XMM-Newton allowed scientists to pinpoint and remove bright sources of X-ray — like those from distant supermassive black holes — that would otherwise have muddied the view.

Image showing a vast filament connecting four galaxy clusters: two on one end, two on the other. The filament contains a chunk of 'missing matter' that astronomers have been searching for. Credit: ESA/XMM-Newton and ISAS/JAXA. Acknowledgements: Migkas et al. (2025)
Credit: ESA/XMM-Newton and ISAS/JAXA. Acknowledgements: Migkas et al. (2025)

"Thanks to XMM-Newton we could identify and remove these cosmic contaminants, so we knew we were looking at the gas in the filament and nothing else," says co-author Florian Pacaud of the University of Bonn, Germany.

"Our approach was really successful, and reveals that the filament is exactly as we’d expect from our best large-scale simulations of the Universe."

Suzaku provided a broad map of the X-ray glow emitted by the hot gas, showing just how vast and dense the filament really is.
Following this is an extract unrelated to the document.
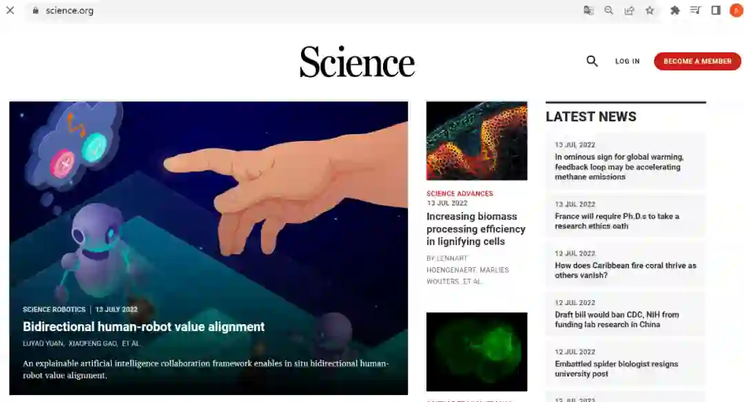 今日(7月14日),国际顶级学术期刊<Science Robotics >发表了朱松纯团队(UCLA袁路遥、高晓丰、北京通用人工智能研究院郑子隆、北京大学人工智能研究院朱毅鑫等作者)的最新研究成果——实时双向人机价值对齐 Bidirectional human-robot value alignment。

Chart showing the breakdown of 'ordinary' matter in the Universe. A newly discovered filament of hot intergalactic gas (here in mottled black-yellow) is a type of ordinary matter that has proven hard to find. Credit: ESA
Chart showing the breakdown of 'ordinary' matter in the Universe. A newly discovered filament of hot intergalactic gas (here in mottled black-yellow) is a type of ordinary matter that has proven hard to find. Credit: ESA

Uncovering the foundations of the Universe

This filament is a key piece of evidence supporting how scientists think the Universe is built.
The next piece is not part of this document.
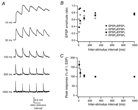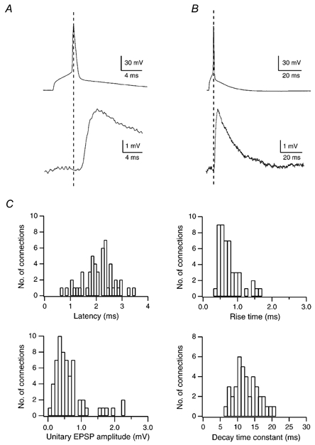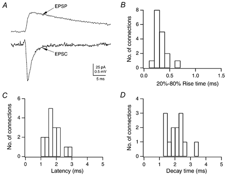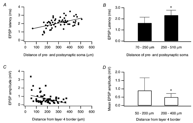 Whole-cell voltage recordings were obtained from 64 synaptically coupled excitatory layer 4 (L4) spiny neurones and L2/3 pyramidal cells in acute slices of the somatosensory cortex ('barrel' cortex) of 17- to 23-days-old rats. Single action potentials (APs) in the L4 spiny neurone evoked single unitary EPSPs in the L2/3 pyramidal cell with a peak amplitude of 0.7 +/- 0.6 mV. The average latency was 2.1 +/- 0.6 ms, the rise time was 0.8 +/- 0.3 ms and the decay time constant was 12.7 +/- 3.5 ms. The percentage of failures of an AP in a L4 spiny neurone to evoke a unitary EPSP in the L2/3 pyramidal cell was 4.9 +/- 8.8 % and the coefficient of variation (c.v.) of the unitary EPSP amplitude was 0.27 +/- 0.13. Both c.v. and percentage of failures decreased with increased average EPSP amplitude. Postsynaptic glutamate receptors (GluRs) in L2/3 pyramidal cells were of the N-methyl-D-aspartate (NMDA) receptor (NMDAR) and the non-NMDAR type. At -60 mV in the presence of extracellular Mg2+ (1 mM), 29 +/- 15 % of the EPSP voltage-time integral was blocked by NMDAR antagonists. In 0 Mg2+, the NMDAR/AMPAR ratio of the EPSC was 0.50 +/- 0.29, about half the value obtained for L4 spiny neurone connections. Burst stimulation of L4 spiny neurones showed that EPSPs in L2/3 pyramidal cells depressed over a wide range of frequencies (1-100 s(-1) ). However, at higher frequencies (30 s(-1)) EPSP summation overcame synaptic depression so that the summed EPSP was larger than the first EPSP amplitude in the train. The number of putative synaptic contacts established by the axonal collaterals of the L4 projection neurone with the target neurone in layer 2/3 varied between 4 and 5, with an average of 4.5 +/- 0.5 (n = 13 pairs). Synapses were established on basal dendrites of the pyramidal cell. Their mean geometric distance from the pyramidal cell soma was 67 +/- 34 microm (range, 16-196 microm). The results suggest that each connected L4 spiny neurone produces a weak but reliable EPSP in the pyramidal cell. Therefore transmission of signals to layer 2/3 is likely to have a high threshold requiring simultaneous activation of many L4 neurons, implying that L4 spiny neurone to L2/3 pyramidal cell synapses act as a gate for the lateral spread of excitation in layer 2/3.

It shows how some of the densest, most massive structures in the Universe – galaxy clusters – are connected over huge distances across the cosmos.
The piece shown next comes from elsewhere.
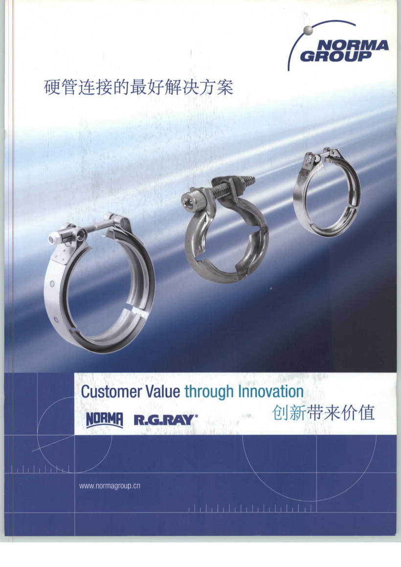 NORMA集团除了生产常用的涡轮蜗杆卡箍外,还针对涡轮增压发动机和柴油发动机设计并生产了多种类型的带v型槽的卡箍。此产品册主要介绍了集团旗下NORMA和R.G.RAY两大品牌的槽型卡箍。NORMA品牌的该类卡箍主要应用在造船、火车机车等大型柴油发动机上。R.G.RAY品牌的槽型卡箍主要被广泛用于柴油发动机和涡轮增压发动机。

And the fact the discovery lines up with theoretical models of cosmic evolution enables scientists to further assume their models are correct.

It's also greater insight into the nature of the 'cosmic web’ the vast, invisible cobweb of filaments that underpins the structure of the observable Universe.

An artist's impression of XMM-Newton. Credit: ESA-C. Carrie
An artist's impression of XMM-Newton. Credit: ESA-C. Carrie

"This research is a great example of collaboration between telescopes, and creates a new benchmark for how to spot the light coming from the faint filaments of the cosmic web," says Norbert Schartel, ESA XMM-Newton Project Scientist.

"More fundamentally, it reinforces our standard model of the cosmos and validates decades of simulations.

"It seems that the ‘missing’ matter may truly be lurking in hard-to-see threads woven across the Universe."

Euclid to follow

Artist’s impression of the Euclid spacecraft observing the dark Universe. Credit: ESA/Euclid/Euclid Consortium/NASA. Background galaxies: NASA, ESA, and S. Beckwith (STScI) and the HUDF Team, CC BY-SA 3.0 IGO
Artist’s impression of the Euclid spacecraft observing the dark Universe. Credit: ESA/Euclid/Euclid Consortium/NASA. Background galaxies: NASA, ESA, and S. Beckwith (STScI) and the HUDF Team, CC BY-SA 3.0 IGO

The European Space Agency's Euclid mission, which has already begun releasing its first images and science data, is tasked with investigating dark matter and dark energy, which make up 95% of the Universe, but have never directly been observed.

Euclid is also tasked with uncovering more information about the cosmic web, so this latest discovery is a step in the right direction.

Euclid’s Deep Field South, in which the space telescope spotted over 11 million galaxies in one observation. In the coming years, Euclid will make more observations of this field. The image also reveals a glimpse of the 'cosmic web', the large-scale structure of the Universe. Credit: ESA/Euclid/Euclid Consortium/NASA, image processing by J.-C. Cuillandre, E. Bertin, G. Anselmi
Euclid’s Deep Field South, in which the space telescope spotted over 11 million galaxies in one observation. In the coming years, Euclid will make more observations of this field. The image also reveals a glimpse of the 'cosmic web', the large-scale structure of the Universe. Credit: ESA/Euclid/Euclid Consortium/NASA, image processing by J.-C. Cuillandre, E. Bertin, G. Anselmi

So where is the Universe’s missing matter?

It may, it seems, be glowing faintly in the filaments of the cosmic web, stretched across space like strands of an invisible spider’s silk.

And this latest discovery is one more step along the road to understand exactly the foundations of the cosmos.